**Work instructions:** Restate the records below exactly. Pictures are not part of the copy.
== Segment start ==
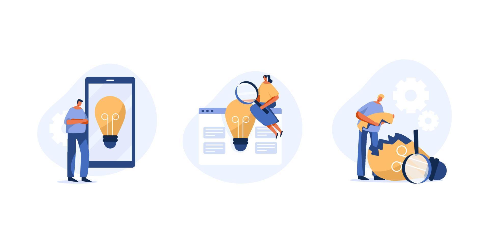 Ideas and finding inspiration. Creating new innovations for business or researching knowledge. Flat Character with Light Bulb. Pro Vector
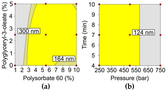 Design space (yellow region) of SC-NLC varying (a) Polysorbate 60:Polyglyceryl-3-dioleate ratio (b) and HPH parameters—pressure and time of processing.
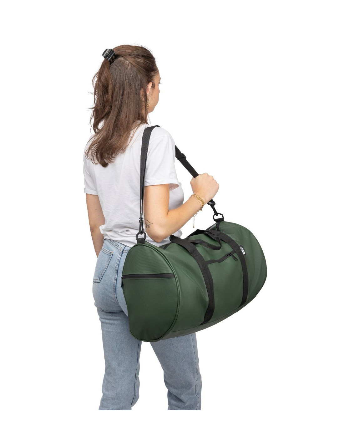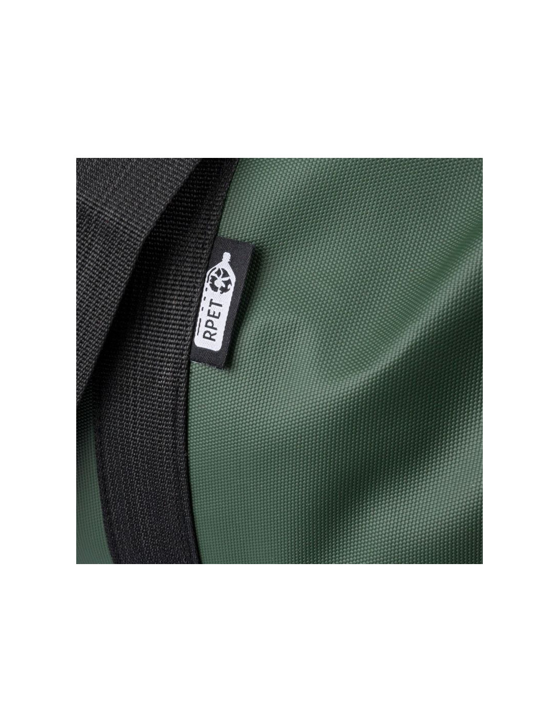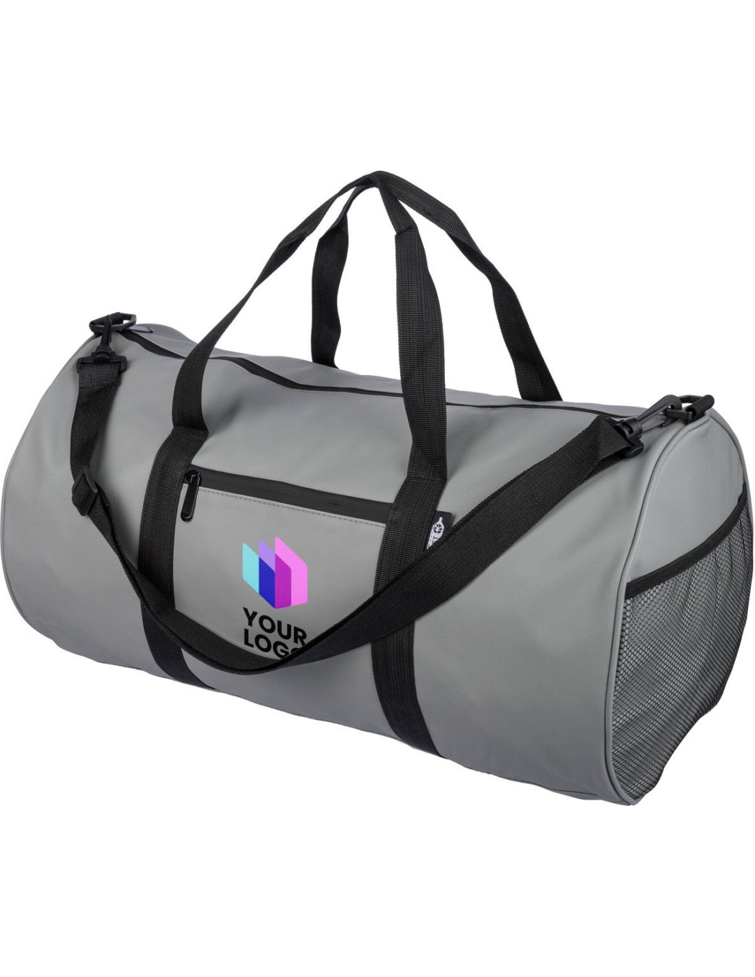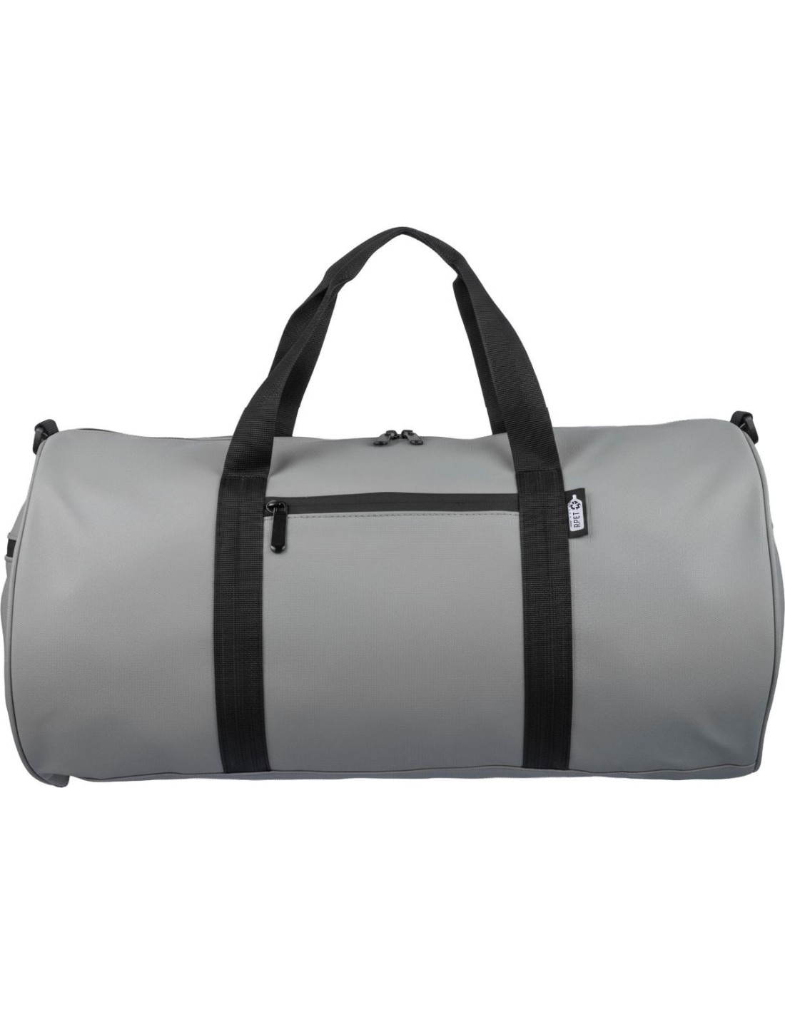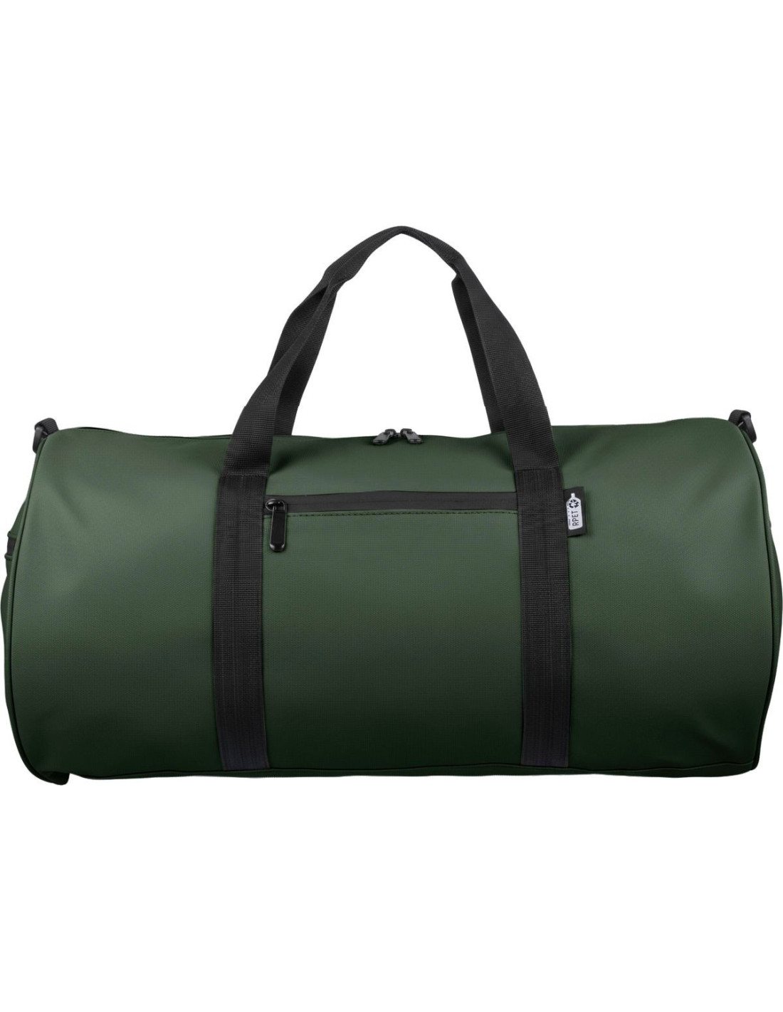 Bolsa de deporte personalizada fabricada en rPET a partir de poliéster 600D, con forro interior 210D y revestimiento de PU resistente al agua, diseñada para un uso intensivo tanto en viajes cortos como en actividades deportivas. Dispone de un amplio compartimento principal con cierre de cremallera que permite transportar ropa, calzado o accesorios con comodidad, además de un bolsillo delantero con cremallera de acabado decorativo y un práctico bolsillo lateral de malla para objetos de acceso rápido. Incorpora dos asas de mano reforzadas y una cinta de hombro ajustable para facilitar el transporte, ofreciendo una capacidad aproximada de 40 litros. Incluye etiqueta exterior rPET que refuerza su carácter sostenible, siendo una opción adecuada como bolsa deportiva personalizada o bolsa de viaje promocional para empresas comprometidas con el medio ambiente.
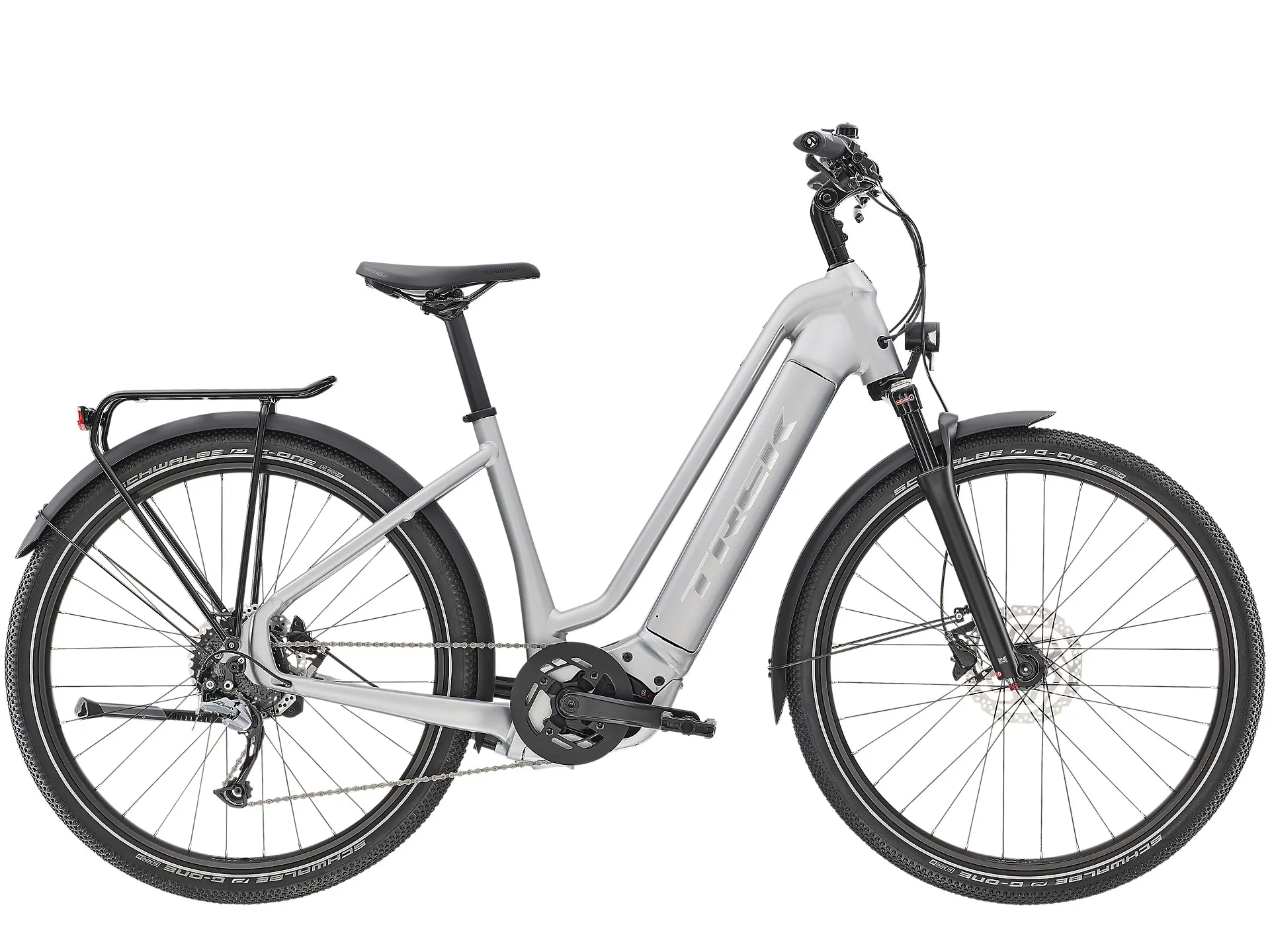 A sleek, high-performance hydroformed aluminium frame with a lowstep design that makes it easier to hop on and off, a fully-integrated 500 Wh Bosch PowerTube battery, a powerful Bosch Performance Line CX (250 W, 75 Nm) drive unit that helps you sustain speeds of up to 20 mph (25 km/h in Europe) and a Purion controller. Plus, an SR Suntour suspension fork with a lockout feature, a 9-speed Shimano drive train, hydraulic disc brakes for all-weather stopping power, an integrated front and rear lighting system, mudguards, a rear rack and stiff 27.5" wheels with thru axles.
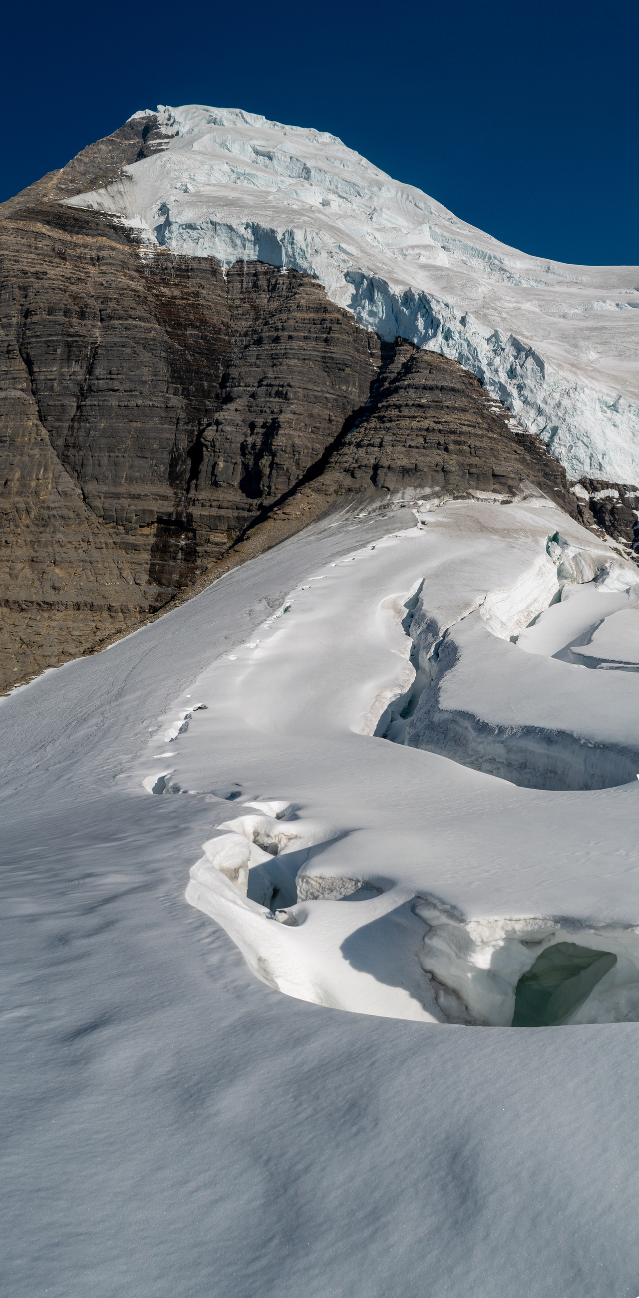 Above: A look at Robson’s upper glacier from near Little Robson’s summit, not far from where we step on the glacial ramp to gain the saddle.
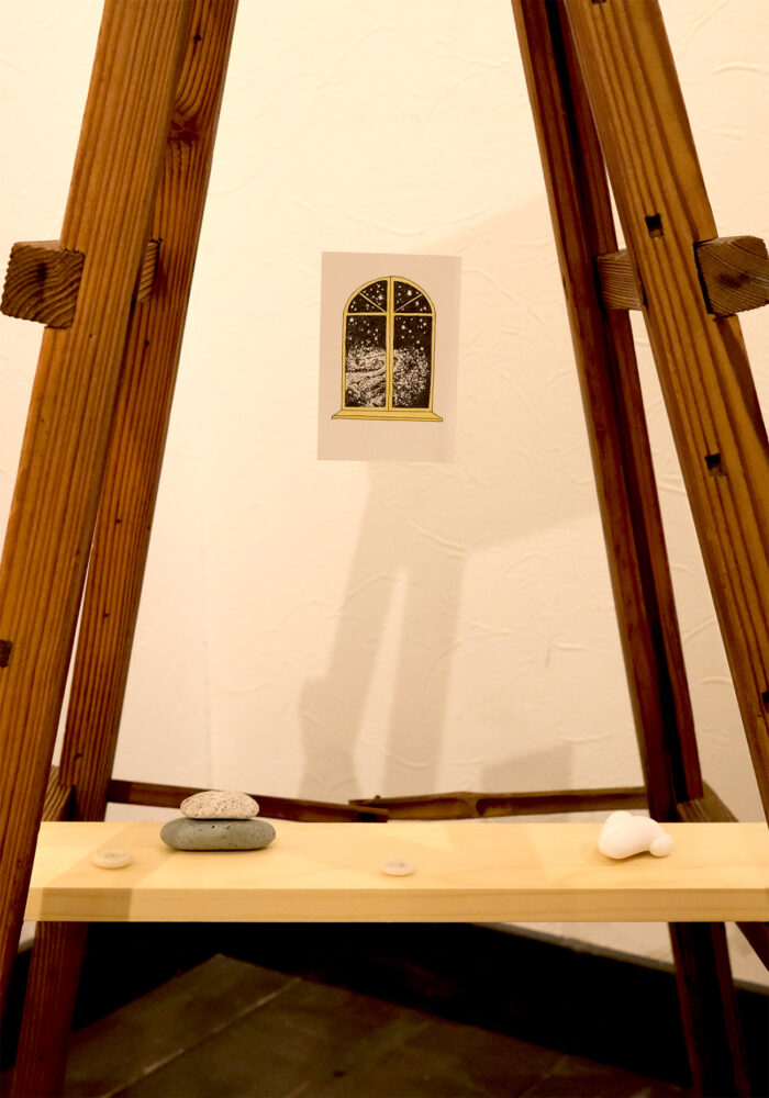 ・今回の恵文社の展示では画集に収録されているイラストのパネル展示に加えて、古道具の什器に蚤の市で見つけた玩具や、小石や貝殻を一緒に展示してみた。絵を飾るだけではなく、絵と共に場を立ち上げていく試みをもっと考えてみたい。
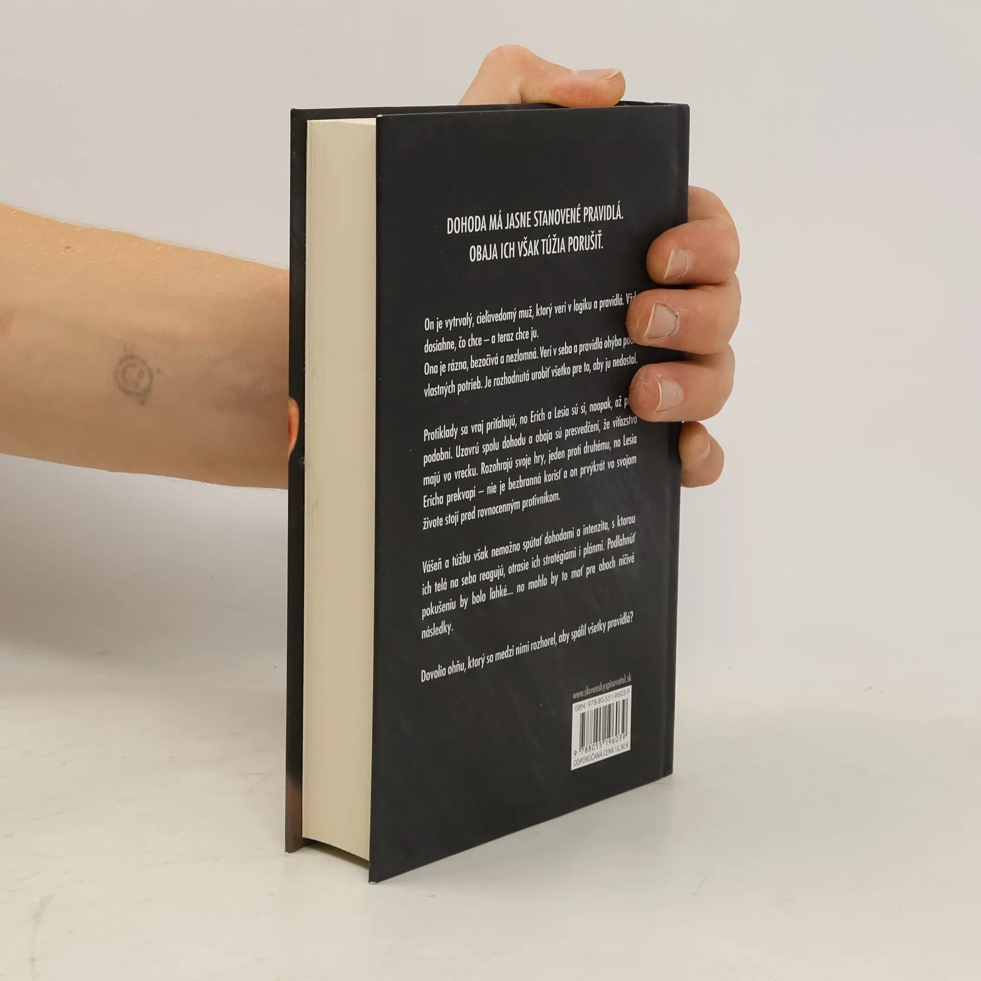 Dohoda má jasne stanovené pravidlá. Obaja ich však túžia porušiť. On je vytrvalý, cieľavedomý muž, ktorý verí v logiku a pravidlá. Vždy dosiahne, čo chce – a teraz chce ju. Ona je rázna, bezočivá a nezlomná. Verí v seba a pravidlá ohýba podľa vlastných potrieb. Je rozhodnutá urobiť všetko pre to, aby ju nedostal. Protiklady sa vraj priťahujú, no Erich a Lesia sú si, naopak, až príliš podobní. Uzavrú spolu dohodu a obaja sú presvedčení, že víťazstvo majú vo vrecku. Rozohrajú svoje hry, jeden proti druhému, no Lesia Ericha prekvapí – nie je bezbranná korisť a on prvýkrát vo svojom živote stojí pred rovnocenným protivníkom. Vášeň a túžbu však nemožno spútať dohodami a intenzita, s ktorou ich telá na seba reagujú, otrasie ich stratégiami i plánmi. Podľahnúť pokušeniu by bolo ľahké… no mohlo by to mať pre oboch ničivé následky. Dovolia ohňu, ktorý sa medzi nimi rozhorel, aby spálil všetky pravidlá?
== Segment end ==
**Finished exercise:**
 Ideas and finding inspiration. Creating new innovations for business or researching knowledge. Flat Character with Light Bulb. Pro Vector
 Design space (yellow region) of SC-NLC varying (a) Polysorbate 60:Polyglyceryl-3-dioleate ratio (b) and HPH parameters—pressure and time of processing.
 Bolsa de deporte personalizada fabricada en rPET a partir de poliéster 600D, con forro interior 210D y revestimiento de PU resistente al agua, diseñada para un uso intensivo tanto en viajes cortos como en actividades deportivas. Dispone de un amplio compartimento principal con cierre de cremallera que permite transportar ropa, calzado o accesorios con comodidad, además de un bolsillo delantero con cremallera de acabado decorativo y un práctico bolsillo lateral de malla para objetos de acceso rápido. Incorpora dos asas de mano reforzadas y una cinta de hombro ajustable para facilitar el transporte, ofreciendo una capacidad aproximada de 40 litros. Incluye etiqueta exterior rPET que refuerza su carácter sostenible, siendo una opción adecuada como bolsa deportiva personalizada o bolsa de viaje promocional para empresas comprometidas con el medio ambiente.
 A sleek, high-performance hydroformed aluminium frame with a lowstep design that makes it easier to hop on and off, a fully-integrated 500 Wh Bosch PowerTube battery, a powerful Bosch Performance Line CX (250 W, 75 Nm) drive unit that helps you sustain speeds of up to 20 mph (25 km/h in Europe) and a Purion controller. Plus, an SR Suntour suspension fork with a lockout feature, a 9-speed Shimano drive train, hydraulic disc brakes for all-weather stopping power, an integrated front and rear lighting system, mudguards, a rear rack and stiff 27.5" wheels with thru axles.
 Above: A look at Robson’s upper glacier from near Little Robson’s summit, not far from where we step on the glacial ramp to gain the saddle.
 ・今回の恵文社の展示では画集に収録されているイラストのパネル展示に加えて、古道具の什器に蚤の市で見つけた玩具や、小石や貝殻を一緒に展示してみた。絵を飾るだけではなく、絵と共に場を立ち上げていく試みをもっと考えてみたい。
 Dohoda má jasne stanovené pravidlá. Obaja ich však túžia porušiť. On je vytrvalý, cieľavedomý muž, ktorý verí v logiku a pravidlá. Vždy dosiahne, čo chce – a teraz chce ju. Ona je rázna, bezočivá a nezlomná. Verí v seba a pravidlá ohýba podľa vlastných potrieb. Je rozhodnutá urobiť všetko pre to, aby ju nedostal. Protiklady sa vraj priťahujú, no Erich a Lesia sú si, naopak, až príliš podobní. Uzavrú spolu dohodu a obaja sú presvedčení, že víťazstvo majú vo vrecku. Rozohrajú svoje hry, jeden proti druhému, no Lesia Ericha prekvapí – nie je bezbranná korisť a on prvýkrát vo svojom živote stojí pred rovnocenným protivníkom. Vášeň a túžbu však nemožno spútať dohodami a intenzita, s ktorou ich telá na seba reagujú, otrasie ich stratégiami i plánmi. Podľahnúť pokušeniu by bolo ľahké… no mohlo by to mať pre oboch ničivé následky. Dovolia ohňu, ktorý sa medzi nimi rozhorel, aby spálil všetky pravidlá?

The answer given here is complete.